On February 20, 2013, the President released his Plan to Make America a Magnet for Jobs by Investing in Infrastructure, which calls for adopting a “fix-it-first” approach to infrastructure expenditure. The Plan recycles the President’s proposal from the American Jobs Act (first rolled out in September 2011, and again in December 2012 as part of the fiscal cliff negotiations) for a $50 billion investment in transportation infrastructure. The Plan proposes that $40 billion of that amount be devoted to “the most urgent upgrades” and repairs. In addition, the Plan calls for establishing a “Rebuild America Partnership” that would include new bonding authority and a National Infrastructure Bank, and for cutting “timelines in half for infrastructure projects” through the modernization of permitting procedures.
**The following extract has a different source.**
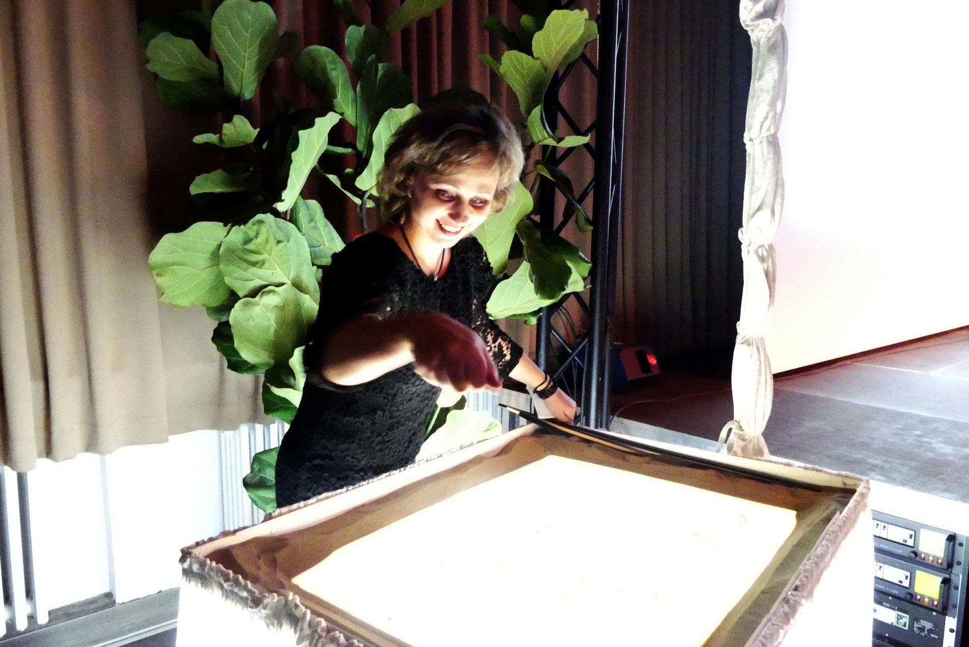 Es gab einen Augenblick, der magisch war, wo im Saal alle den Atem anzuhalten schienen. Mit Iryna Bilanka-Chaplin hatte der Förderverein ein Sahnebonbon in petto. Die preisgekrönte Künstlerin ist in Kiew geboren, lebt aber in Wetzlar und liebt die Sandmalerei: Unter dem Titel Nicht auf Sand gebaut zeichnete die Künstlerin die Geschichte der Landesgartenschau und des Sauerlandparks nach. Während Iryna Bilanka-Chaplin mit dem Sand zu spielen schien, wurde das Ganze an die Leinwand projiziert. Mit Musik untermalt erzählte sie malend ihre Geschichte – emotional und mitreißend. Sie malte nicht nur das Felsenmeer, sondern setzte auch die Stadt Hemer, die Landesgartenschau und den Förderverein Sauerlandpark ins rechte Licht – und das alles mit einer Leichtigkeit, die sprachlos machte.

The Plan also seeks to mollify skeptics of increased federal spending by arguing that not only are these investments necessary and overdue, but that the construction jobs these projects would create “cannot be outsourced”. Indeed, transportation and infrastructure investment was a central component of the American Recovery and Reinvestment Act of 2009 — ultimately comprising $68.4 billion — precisely for this reason.
The third time may yet be the charm for the President’s infrastructure proposal. However, if the White House is looking to boost short-term construction jobs, a $50 billion proposal is large enough to attract significant adverse scrutiny from dedicated budget hawks in Congress — yet may not be large enough to convince enough legislators that the proposal’s impact on unemployment is worth their expending the necessary political capital to back it. And if the White House is looking to address seriously the growing infrastructure repair backlog, a $50 billion proposal is far below the acknowledged need. Indeed, the Plan itself concedes that $50 billion would only repair “almost 80 percent of structurally deficient bridges” – leaving not only 20 percent of such bridges unrepaired, but also leaving nothing for fixing highways, ports, subways, or airports.
In short, it may turn out that in the current political environment, a $50 billion proposal is paradoxically both too ambitious — and not ambitious enough.